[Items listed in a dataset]

Start of Block

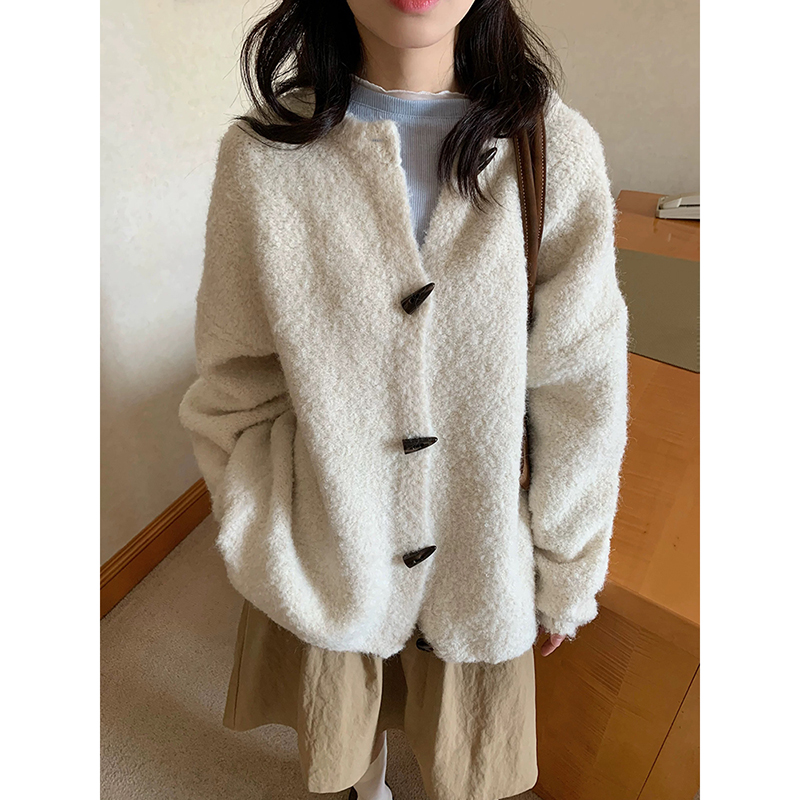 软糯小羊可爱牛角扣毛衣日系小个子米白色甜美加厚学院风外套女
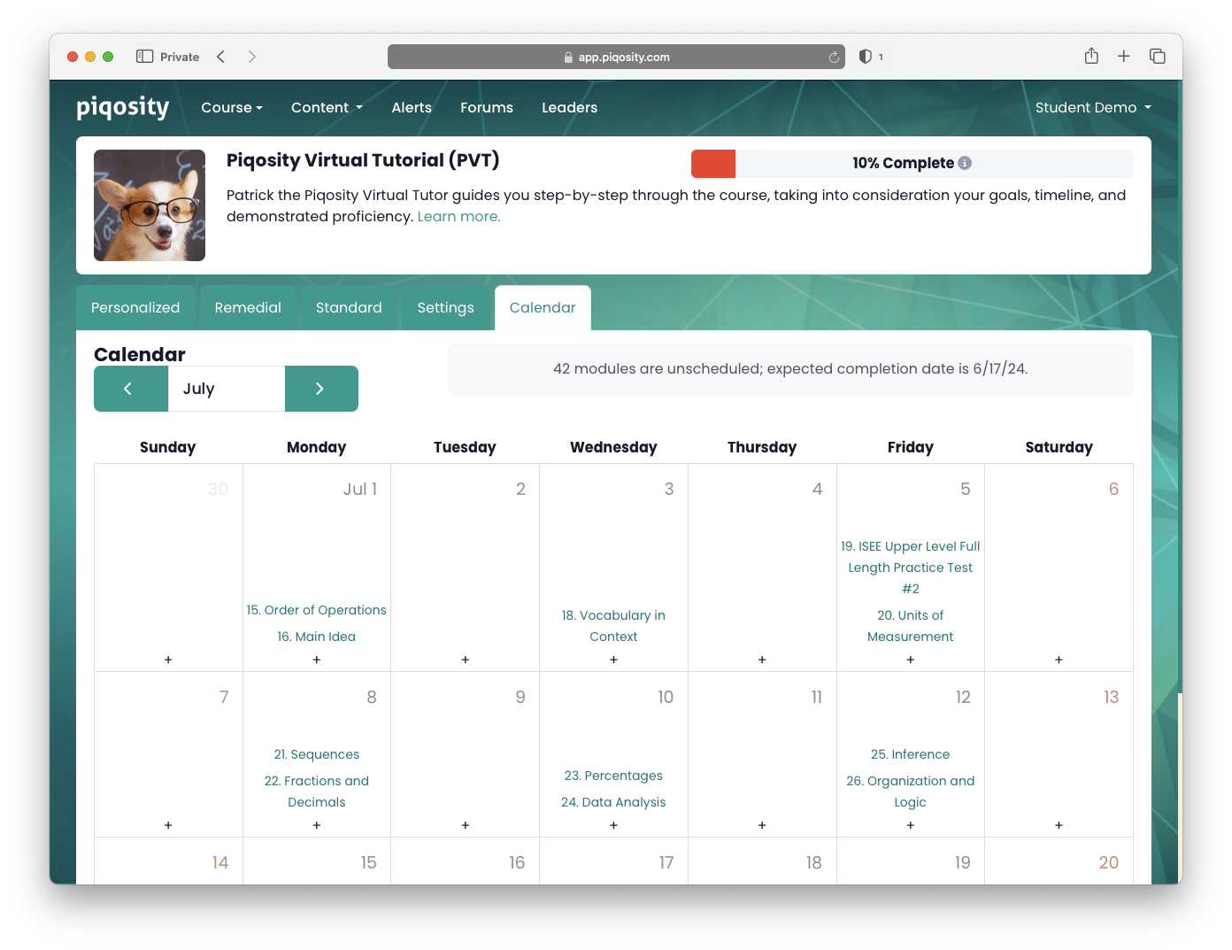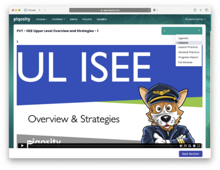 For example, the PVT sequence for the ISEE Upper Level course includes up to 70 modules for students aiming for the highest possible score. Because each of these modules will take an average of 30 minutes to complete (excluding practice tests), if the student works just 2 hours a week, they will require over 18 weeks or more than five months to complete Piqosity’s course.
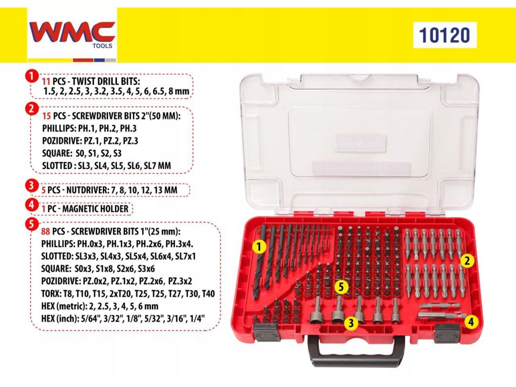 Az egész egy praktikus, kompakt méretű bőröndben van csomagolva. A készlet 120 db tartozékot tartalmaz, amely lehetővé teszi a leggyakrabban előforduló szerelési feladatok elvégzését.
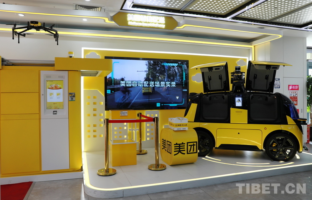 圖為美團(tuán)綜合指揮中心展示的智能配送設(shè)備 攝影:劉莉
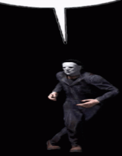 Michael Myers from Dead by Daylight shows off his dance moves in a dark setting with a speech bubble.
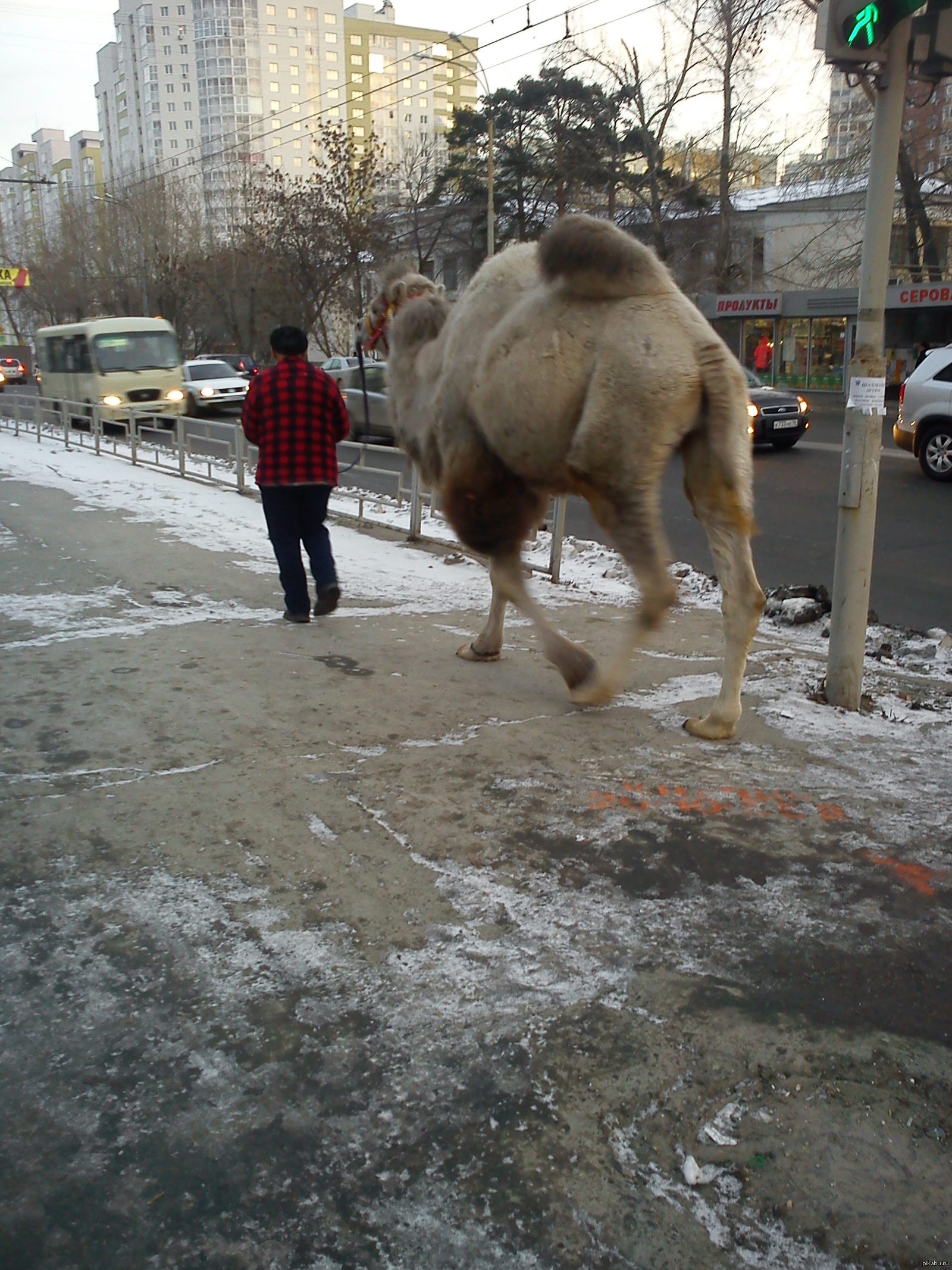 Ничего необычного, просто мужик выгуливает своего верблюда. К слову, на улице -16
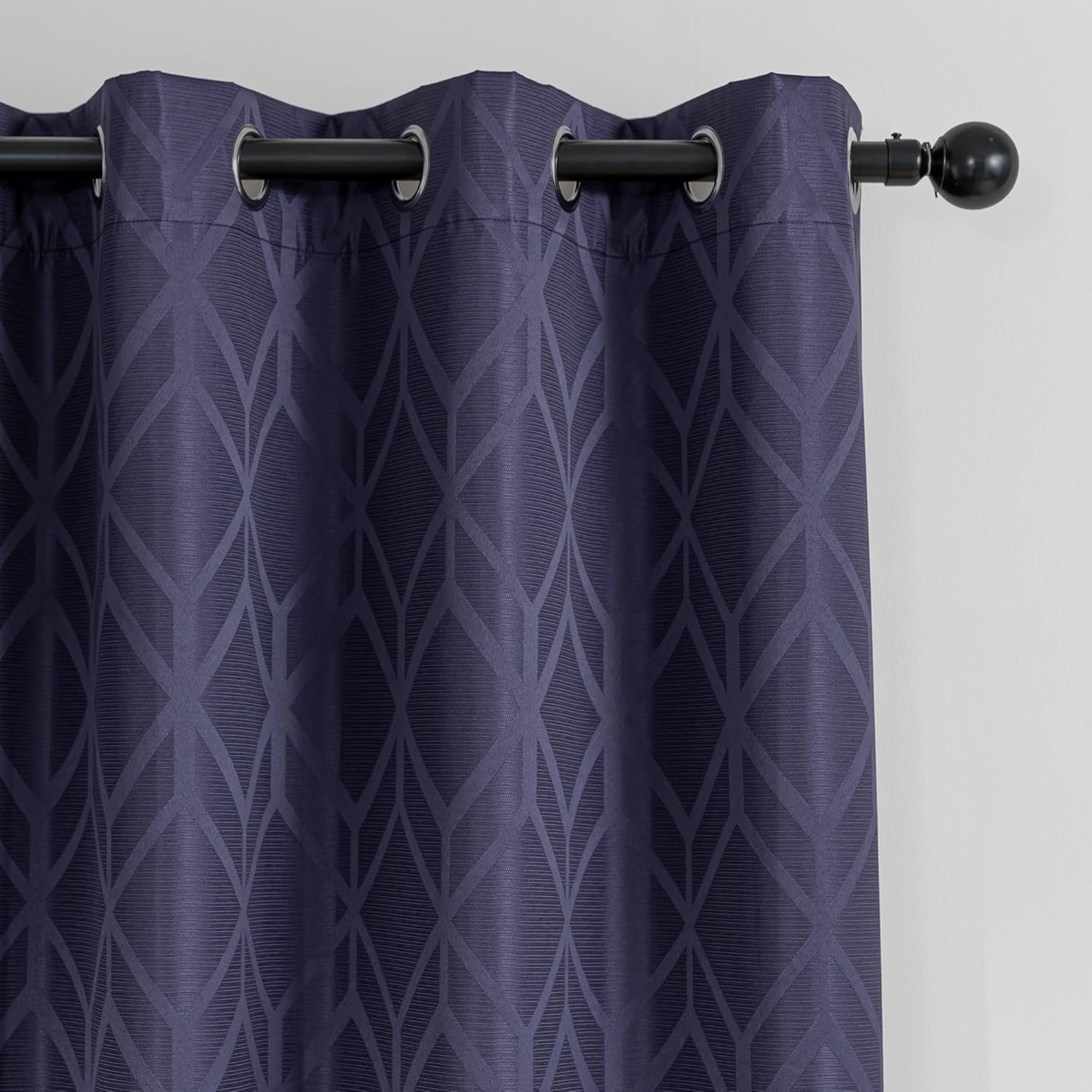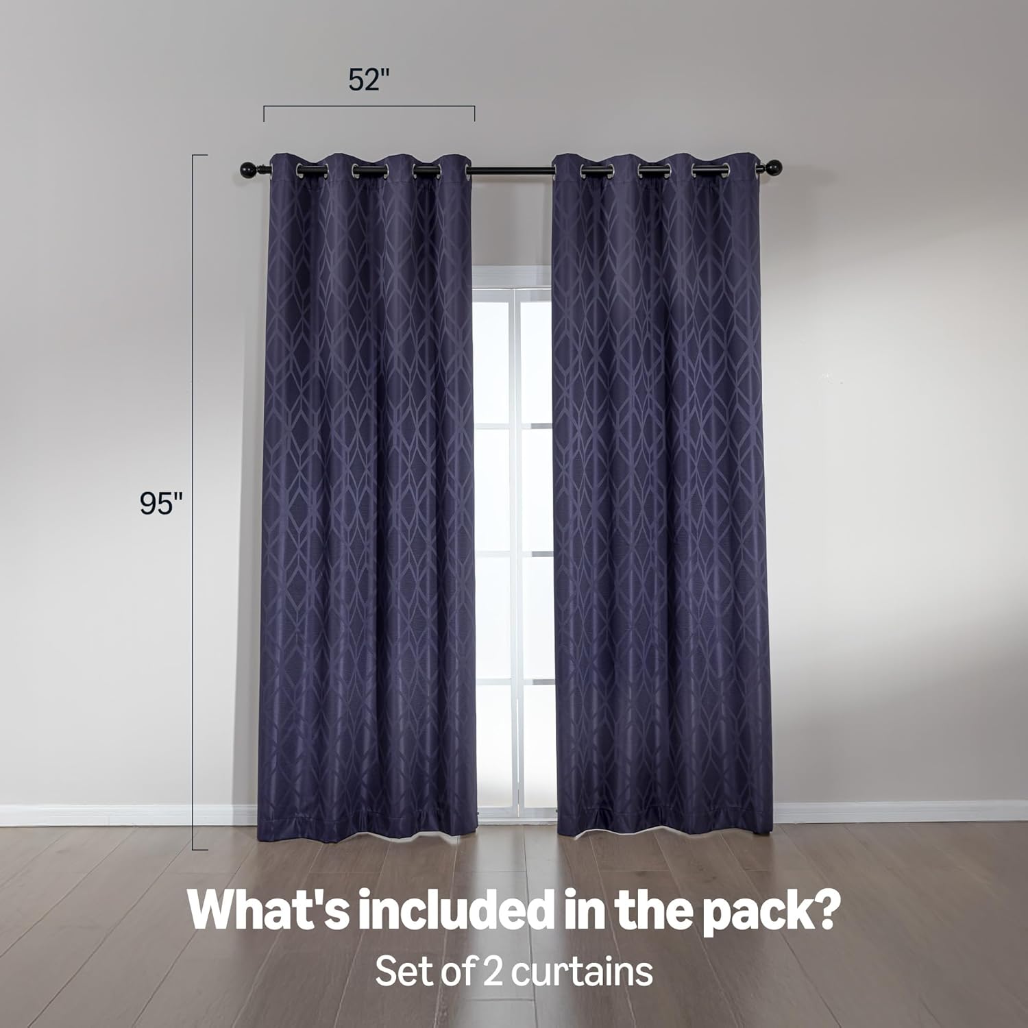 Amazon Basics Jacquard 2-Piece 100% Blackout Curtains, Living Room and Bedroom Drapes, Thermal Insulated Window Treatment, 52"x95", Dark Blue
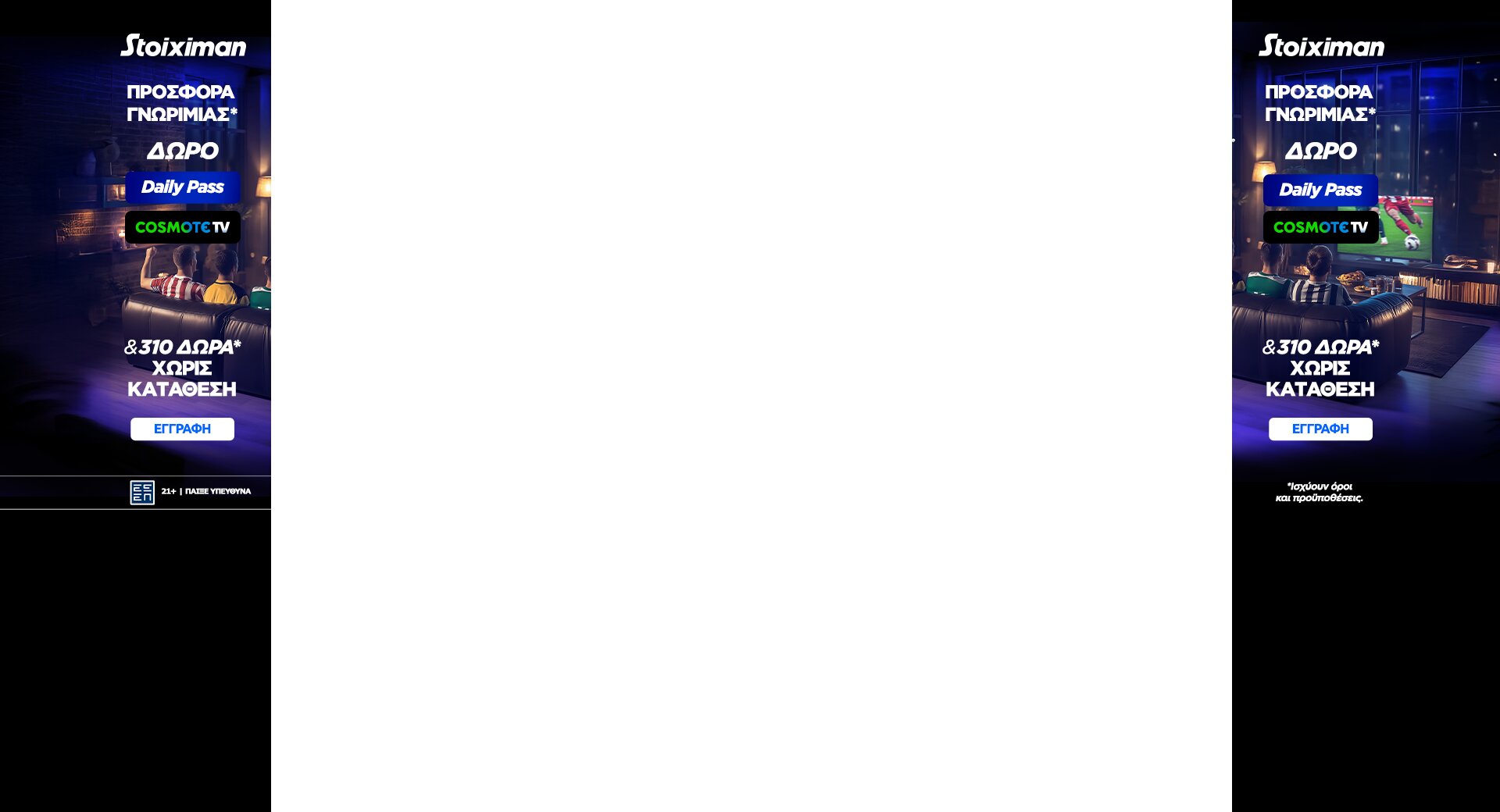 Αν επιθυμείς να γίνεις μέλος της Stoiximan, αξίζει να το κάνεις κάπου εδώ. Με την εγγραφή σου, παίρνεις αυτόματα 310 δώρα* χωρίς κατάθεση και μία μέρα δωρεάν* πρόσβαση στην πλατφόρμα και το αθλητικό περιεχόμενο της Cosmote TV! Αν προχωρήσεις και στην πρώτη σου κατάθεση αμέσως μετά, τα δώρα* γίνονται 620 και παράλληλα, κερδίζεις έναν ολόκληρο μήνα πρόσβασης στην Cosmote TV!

End of Block

== INSTRUCTIONS FOR THE TASK ==
Set the records down again exactly as given, and leave the pictures out.

== OUTPUT ==
 软糯小羊可爱牛角扣毛衣日系小个子米白色甜美加厚学院风外套女
 For example, the PVT sequence for the ISEE Upper Level course includes up to 70 modules for students aiming for the highest possible score. Because each of these modules will take an average of 30 minutes to complete (excluding practice tests), if the student works just 2 hours a week, they will require over 18 weeks or more than five months to complete Piqosity’s course.
 Az egész egy praktikus, kompakt méretű bőröndben van csomagolva. A készlet 120 db tartozékot tartalmaz, amely lehetővé teszi a leggyakrabban előforduló szerelési feladatok elvégzését.
 圖為美團(tuán)綜合指揮中心展示的智能配送設(shè)備 攝影:劉莉
 Michael Myers from Dead by Daylight shows off his dance moves in a dark setting with a speech bubble.
 Ничего необычного, просто мужик выгуливает своего верблюда. К слову, на улице -16
 Amazon Basics Jacquard 2-Piece 100% Blackout Curtains, Living Room and Bedroom Drapes, Thermal Insulated Window Treatment, 52"x95", Dark Blue
 Αν επιθυμείς να γίνεις μέλος της Stoiximan, αξίζει να το κάνεις κάπου εδώ. Με την εγγραφή σου, παίρνεις αυτόματα 310 δώρα* χωρίς κατάθεση και μία μέρα δωρεάν* πρόσβαση στην πλατφόρμα και το αθλητικό περιεχόμενο της Cosmote TV! Αν προχωρήσεις και στην πρώτη σου κατάθεση αμέσως μετά, τα δώρα* γίνονται 620 και παράλληλα, κερδίζεις έναν ολόκληρο μήνα πρόσβασης στην Cosmote TV!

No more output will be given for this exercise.